Now I know what you’re thinking. What of the First Amendment? The blog postings are written, after all, in the style of a news item. And there can be thousands of shades of gray in this arena as lawyers ostensibly write about a specific accident, and then write, “Oh, by the way, if you or a loved one has been hurt, blah, blah, blah.”
The Supreme Court weighed in on this subject in 1995 regarding a direct mail solicitation within 30 days of an accident in Forida Bar v. Went For It. The court determined that while attorney advertising is protected speech (Bates v. State Bar of Arizona), “[s]tates have a compelling interest in the practice of professions within their boundaries, and . . . they have broad power to establish standards for licensing practitioners and regulating the practice of professions. The Court also notted that the State has substantial interests in protecting the privacy of its citizens and guarding against the indignity and offense of being solicited for legal services immediately following a personal injury or wrongful death event.

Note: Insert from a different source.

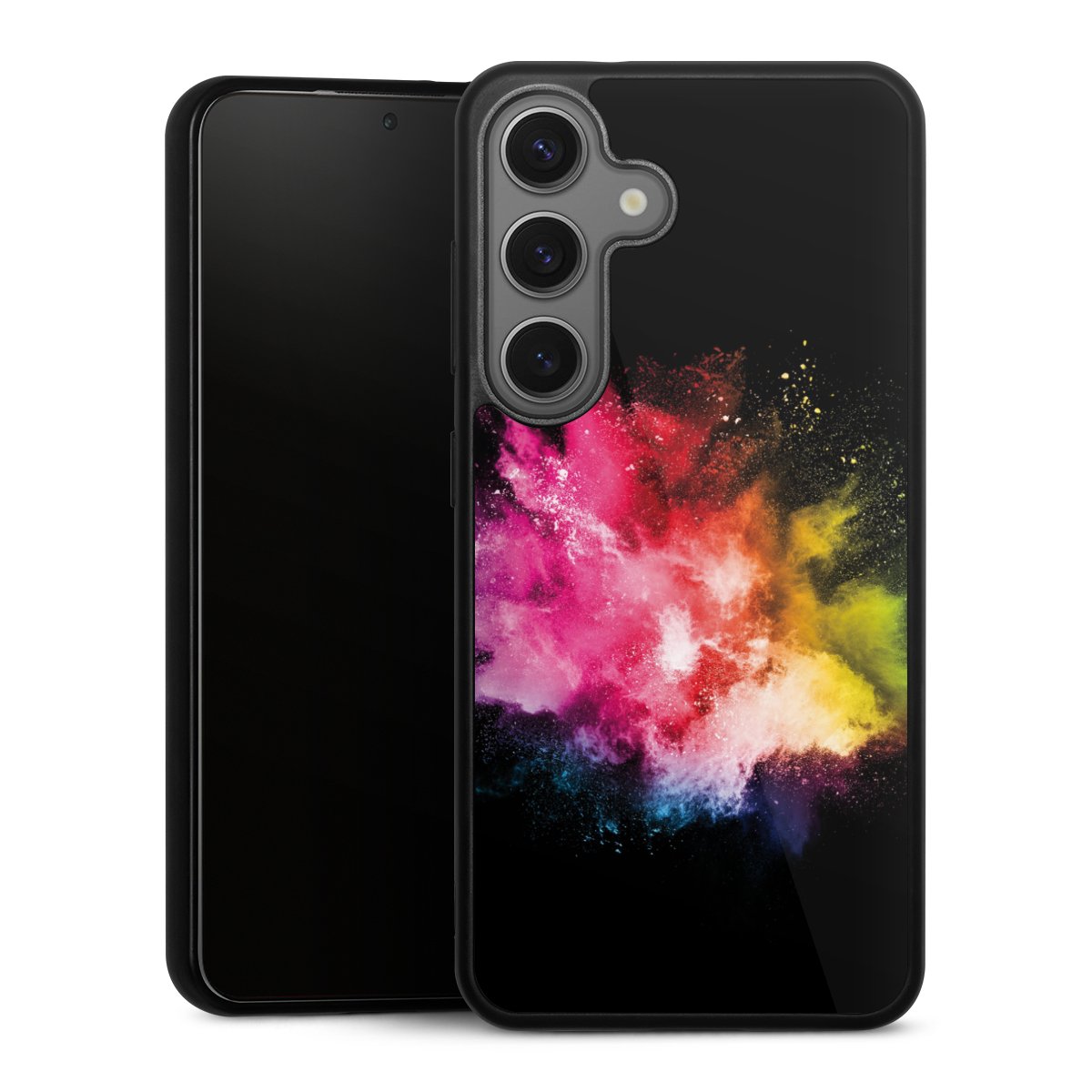 We print your design on the back of the glass inlay and then connect it firmly to the silicone case ,so that nothing sticks out and everything looks like it was cast from one piece. In addition, the sturdy glass element is protected from scratches by an additional coating and ensures a slight reflection on the shiny print image.
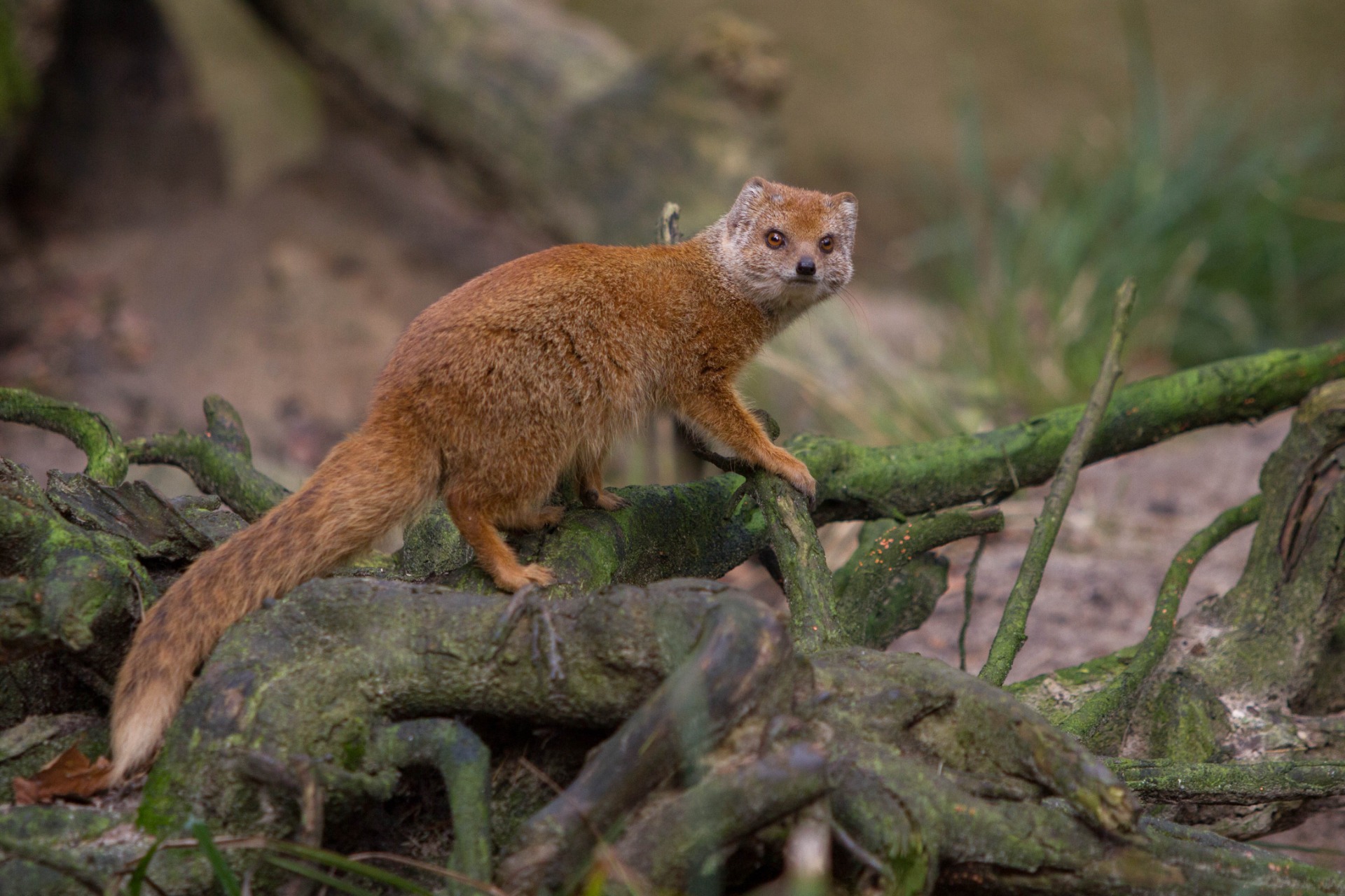 De vosmangoest heeft een lang, slank lichaam, korte poten en een relatief lange staart die vaak donkerder is aan het uiteinde.

But constitutional regulation doesn’t come easily in the fields of gray. And I think that not only don’t the current ethics rules govern the conduct, but even if they did, it would be relatively easy to write a news item in such a fashion as to place the blog posting in the gray area of what constitutes solicitation.
In the New York ethics decision from this summer that struck down as unconstitutional certain of the rules, but kept intact the anti-solicitation rules, Northern District Judge Frederick J. Scullin bemoaned the ethics issue in a footnote that, “Without question there has been a proliferation of tasteless, and at times obnoxious, methods of attorney advertising in recent years. New technology and an increase in the types of media available for advertising have exacerbated this problem and made it more ubiquitous.” He went on to write that, “As a result, among other things, the public perception of he legal profession has been greatly diminished.”
But identiying problems and offering solutions is another matter. Judge Scullin wrote, “Although the Court finds it commendable that the Appellate Division of the State of New York and the disciplinary committees that function on its behalf pursue ways to regulate the manner and means by which attorneys who choose to advertise may do so, they must be mindful of the protections such advertising has been afforded and take the necessary steps to see that the regulation of such advertising is accomplished in a manner consistent with established First Amendment jurisprudence.”
Does this mean that the conduct will continue and worsen? Not necessarily. For while Missouri lawyer Ryan Bradley and Seattle lawyer Michael Myers may choose to walk the undignified line they have drawn, others will no doubt write about the sleazy nature of blasting the names of victims in their headlines in the hope of being retained. And because others have written about it on the web, prospective clients that Google the offending attorneys (and that, after all, is how the prospective clients found them) will find these posts questioning their ethics. What the web giveth, the web also taketh way.
Other posts on the subject:
- Law Blog Legal Ethics: Personal-Injury Lawyer Advertising (WSJ Law Blog);
- The Blawgosphere Hits a New Low (Simple Justice);
- Personal injury lawyer blogs going too far? (Real Lawyers Have Blogs);
- Personal injury law blog ethics picked up by WSJ and bloggers (Real Lawyers Have Blogs)
- Great Moments in Client-Chasing (Overlawyered)
*This link is via TinyUrl. Often used in discussion forums to shortern cumberson URLs with a shorter link, it has the side benefit of masking the original URL of the offending post so that it will not get the benefit of any additional pagerank from Google.